> _The task_: All lines in the records below from the line with "ドライブIDは、候補から選択しましょう。 OneDriveのドライブIDです。" through the line with "Figure 4. Habitats" are to be given again exactly, both ends included; the pictures are to be left out.

> _Extracted information_:
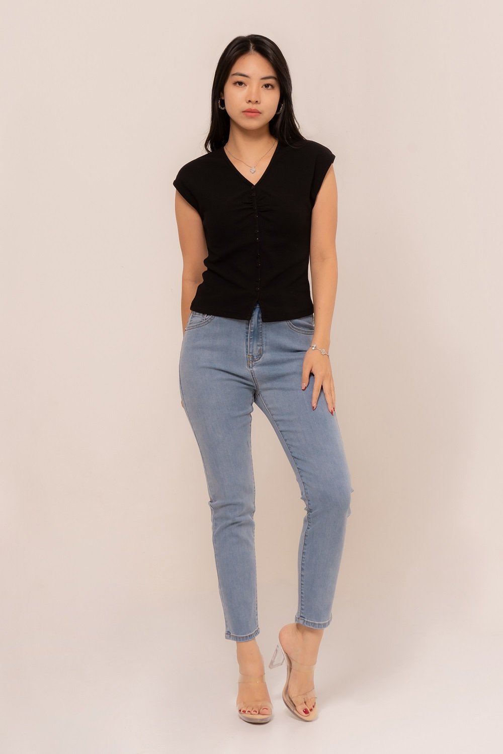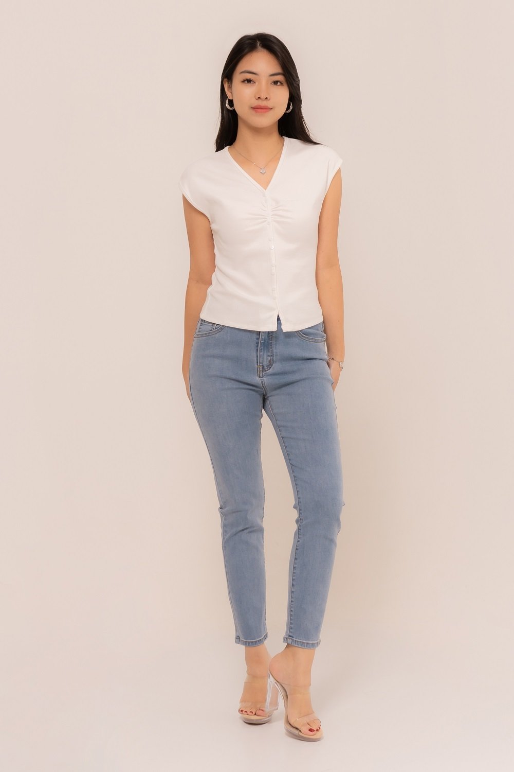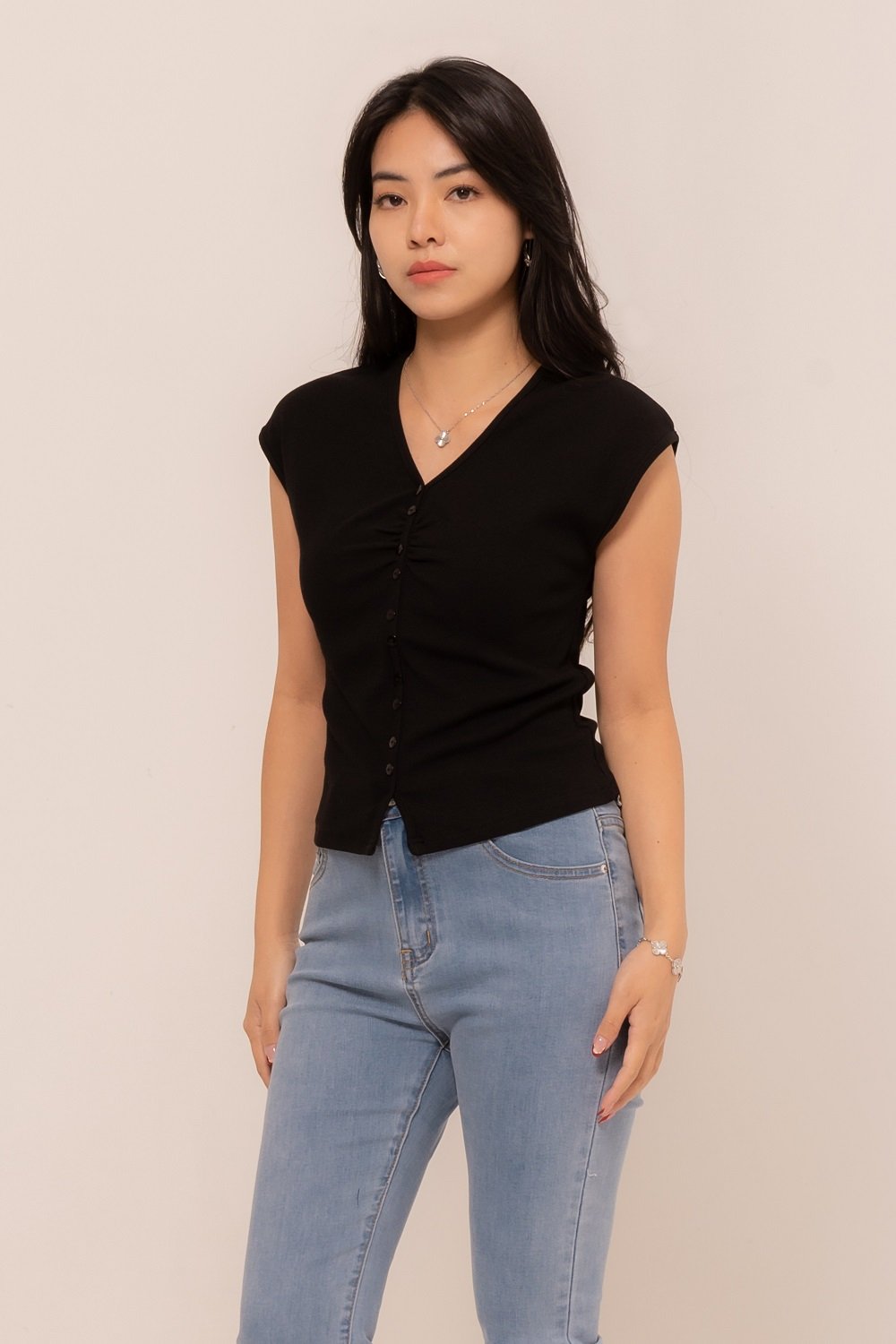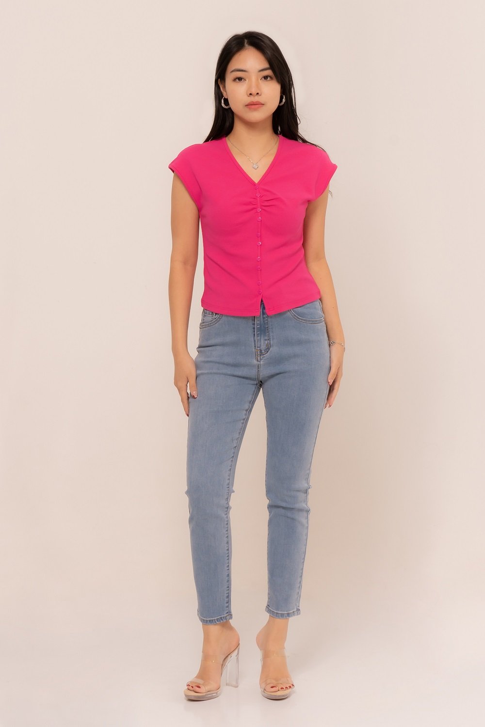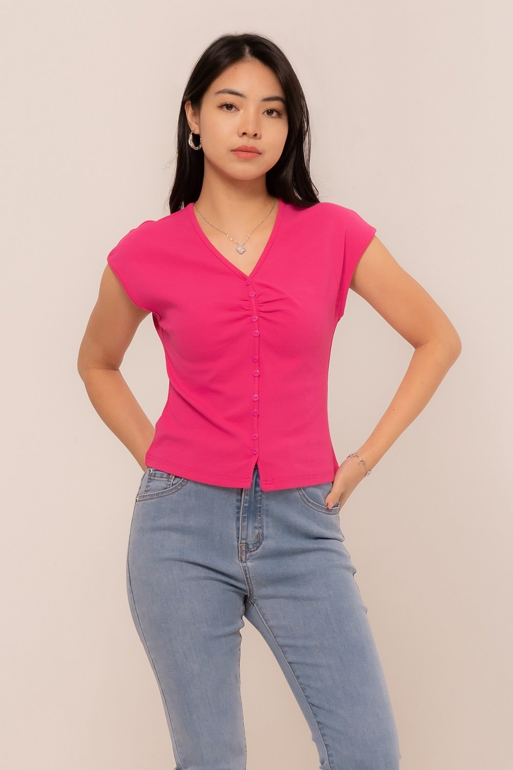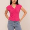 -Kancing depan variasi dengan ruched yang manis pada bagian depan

...

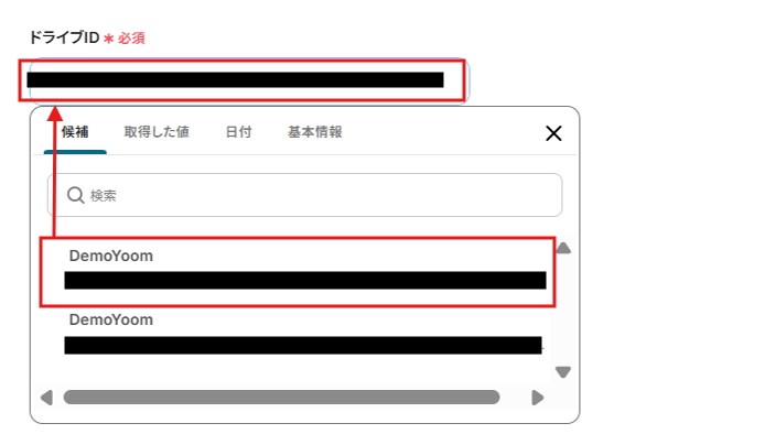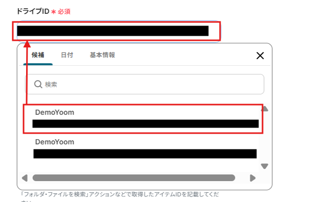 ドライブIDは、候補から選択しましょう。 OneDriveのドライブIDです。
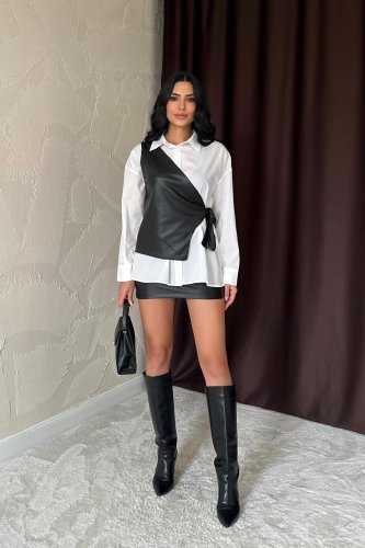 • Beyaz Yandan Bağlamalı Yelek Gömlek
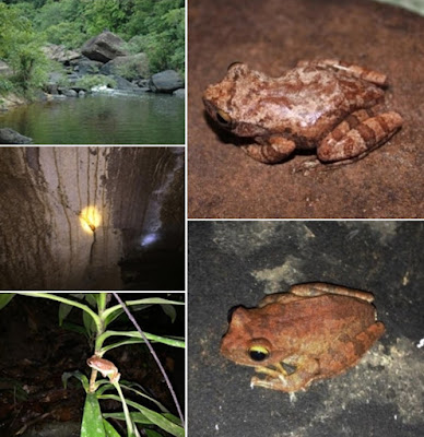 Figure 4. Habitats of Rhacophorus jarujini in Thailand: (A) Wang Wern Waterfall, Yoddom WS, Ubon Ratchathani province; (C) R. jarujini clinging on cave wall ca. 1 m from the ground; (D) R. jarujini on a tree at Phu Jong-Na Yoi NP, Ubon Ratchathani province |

> _Exercise answer_:
 ドライブIDは、候補から選択しましょう。 OneDriveのドライブIDです。
 • Beyaz Yandan Bağlamalı Yelek Gömlek
 Figure 4. Habitats of Rhacophorus jarujini in Thailand: (A) Wang Wern Waterfall, Yoddom WS, Ubon Ratchathani province; (C) R. jarujini clinging on cave wall ca. 1 m from the ground; (D) R. jarujini on a tree at Phu Jong-Na Yoi NP, Ubon Ratchathani province |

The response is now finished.